The example upper tier thermal barrier 54A includes a pocket 70A that receives the upper tier thermal exchange plate 50A. Due to the pocket 70A, the upper tier thermal barrier 54A interfaces directly with a plurality of sides 74 of the upper tier thermal exchange plate 50A. Here a vertically bottom side and three outward facing sides. Covering more than one side can help to block thermal energy from transferring from the upper tier thermal barrier 54A through the enclosure mid-tray 40 to the lower area 44B than if the upper tier thermal barrier 54A just covered the vertically bottom side.

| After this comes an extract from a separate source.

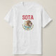 Um t-shirt que caracteriza uma águia mexicana afligida que caracteriza o sobrenome Sota.
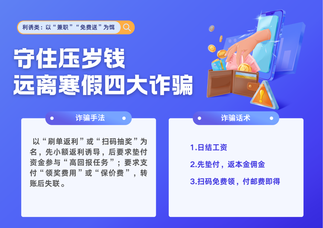 骗术多变,目的唯“钱”,守住“不轻信、不转账”底线,过平安寒假。

The upper tier thermal barrier 54A comprises an intumescent in this example. The intumescent can be an intumescent fill that is activated (i.e., swells) at temperatures from 180 to 200 degrees Celsius. In some examples, the upper tier thermal barrier 54A additionally includes an aerogel having an endothermic filler material. The endothermic filler material can be, for example, 1 to 8 percent-by-volume sodium silicate, or 0.5 to 5 percent-by-volume aluminum trihydride.
The lower tier thermal barrier 54B can also comprise an intumescent and, in some examples, an aerogel.
The lower tier thermal barrier 54B includes a pocket 70B that receives the lower tier thermal exchange plate 50B. The lower tier thermal barrier 54B can help to block thermal energy from the lower tier thermal exchange plate 50B from transferring to a floor 78 of the enclosure tray 42 and out of the enclosure assembly 34. The lower tier thermal barrier 54B can be secured to the lower tier thermal exchange plate 50B with mechanical fasteners, such as rivets, or adhesively secured.
The preceding description is exemplary rather than limiting in nature. Variations and modifications to the disclosed examples may become apparent to those skilled in the art that do not necessarily depart from the essence of this disclosure. Thus, the scope of protection given to this disclosure can only be determined by studying the following claims.